France Tracks Down 18 Million File-Sharers - ThomPete
http://torrentfreak.com/france-tracks-down-18-million-file-sharers-110714/

======
flipbrad
Link to original (french):
[http://www.lemonde.fr/technologies/article/2011/07/12/l-hado...](http://www.lemonde.fr/technologies/article/2011/07/12/l-hadopi-
devoile-ses-resultats-contre-le-piratage-sur-internet_1547830_651865.html)

18 million observed instances of filesharing in supposed breach of copyright,
not 18 million filesharers. Of a million lucky instances chosen at random, 90%
of these led to the identification of lucky lucky account holders. Of the
900,000, 470,000 first warnings were sent out.

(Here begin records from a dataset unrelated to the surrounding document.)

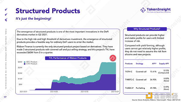 结构化产品的出现是 Q2 DeFi 衍生品市场最重要的创新之一。而 Ribbon Finance 是目前唯一基于衍生品的结构化产品。本篇将专门讨论 Ribbon Finance,因为目前暂无其他项目可供研究,TokenInsight 的季报无任何充值字眼,请放心查阅。
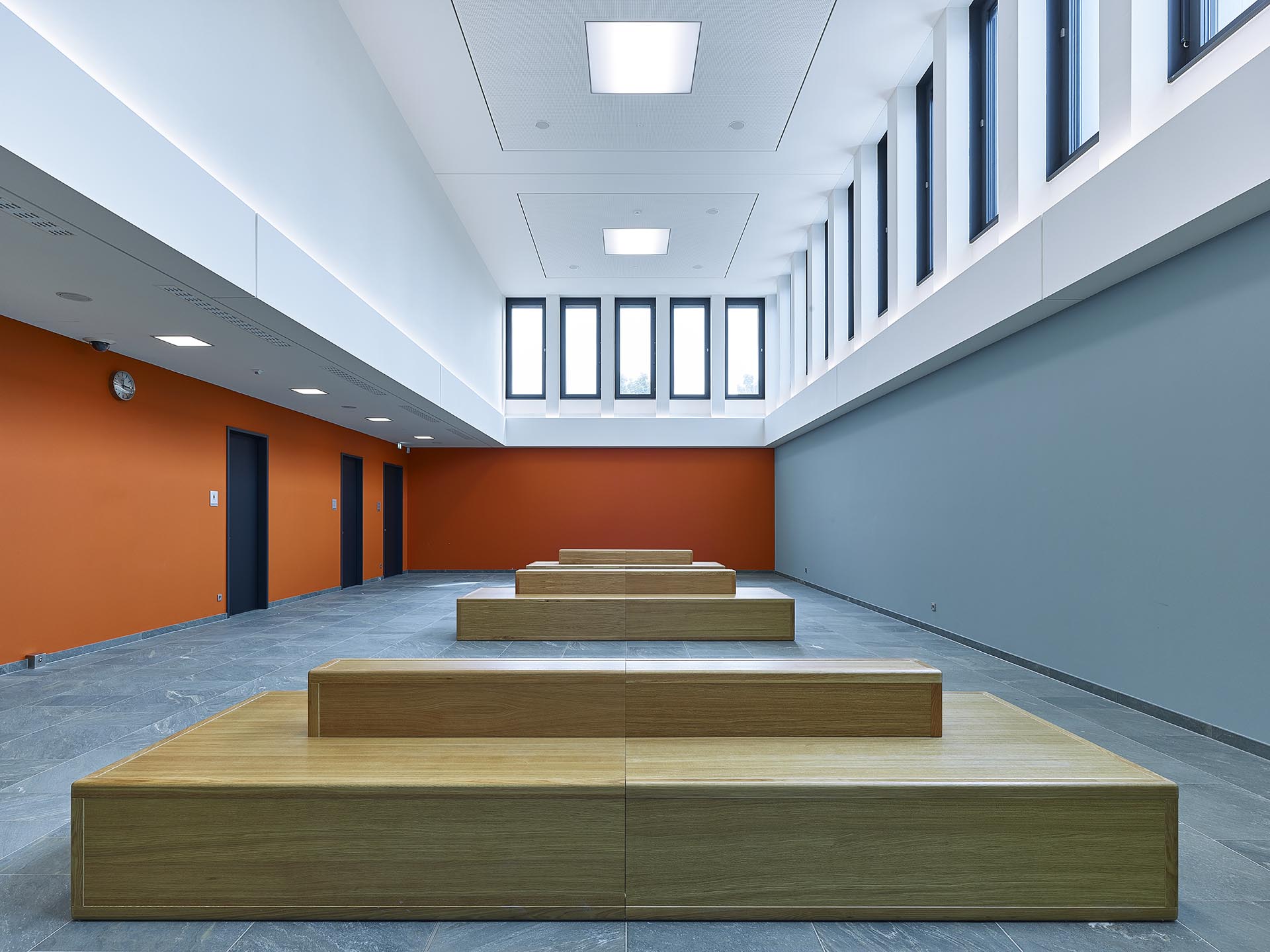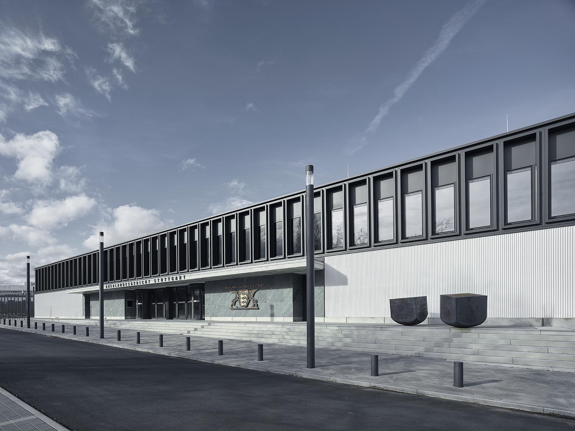 Sitzungsgebäude, 3-geschossig, mit 2 Gerichtsälen, Büro-, Konferenz- und Aufenthaltsräumen, Zellentrakt mit 11 Gefangenenzellen, Veranstaltungsbereich nach VStättVO
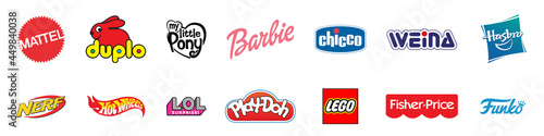 Obraz premium Kids toys company brand logo set. Editorial image. VINNITSIA, UKRAINE. AUGUST 09, 2021.
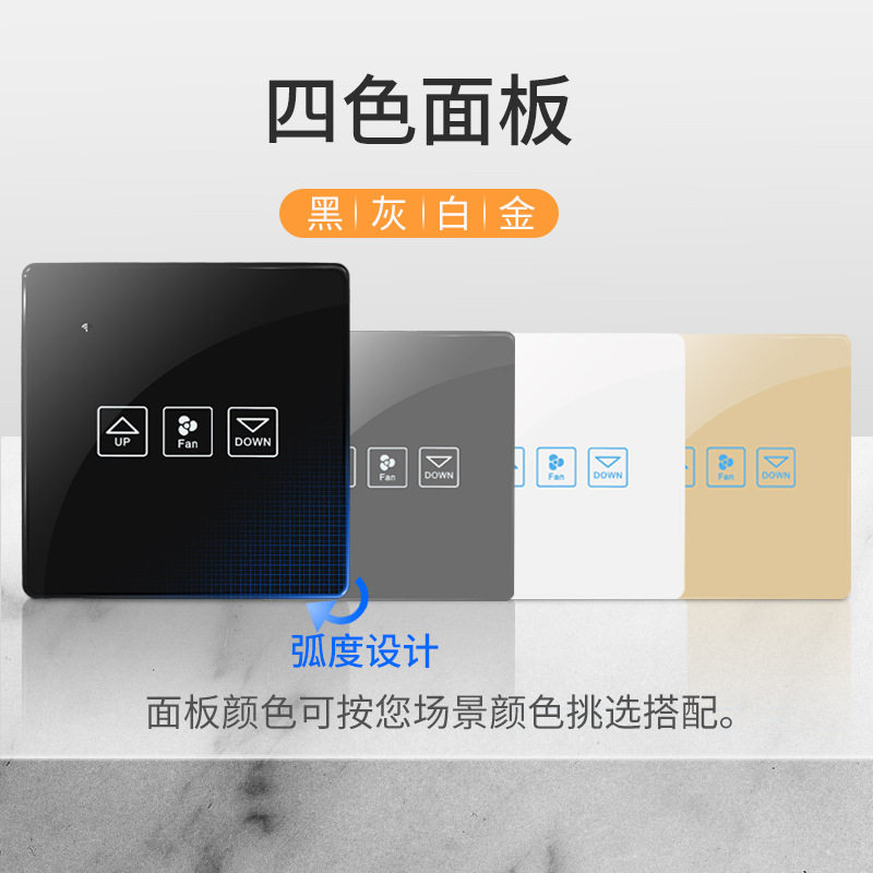 C4正尚智能触摸调速WIFI智能开关远程控制黑色钢化玻璃面板

The rest might presumably be
duplicates, or based abroad, because it's hard to see why the other 430,000
IDs were not part of the email-sending exercise. they might also be libraries,
internet cafs, etc.

Interestingly, it seems HADOPI really took the UN's human rights criticism of
HADOPI-like measures; it recently put out a press release urging caution,
transparency and legal compliance by those seeking to develop deep packet
inspection technology and other filters (which it must be notified of),
telling the private sector to instead focus on developing legal media
offerings and experimenting with pricing
([http://www.hadopi.fr/download/sites/default/files/page/pdf/C...](http://www.hadopi.fr/download/sites/default/files/page/pdf/CP-
Hadopi-060711.pdf))

------
robtoo
According to wikipedia, France only has 20 million homes with broadband.
[http://en.wikipedia.org/wiki/List_of_countries_by_number_of_...](http://en.wikipedia.org/wiki/List_of_countries_by_number_of_broadband_Internet_users)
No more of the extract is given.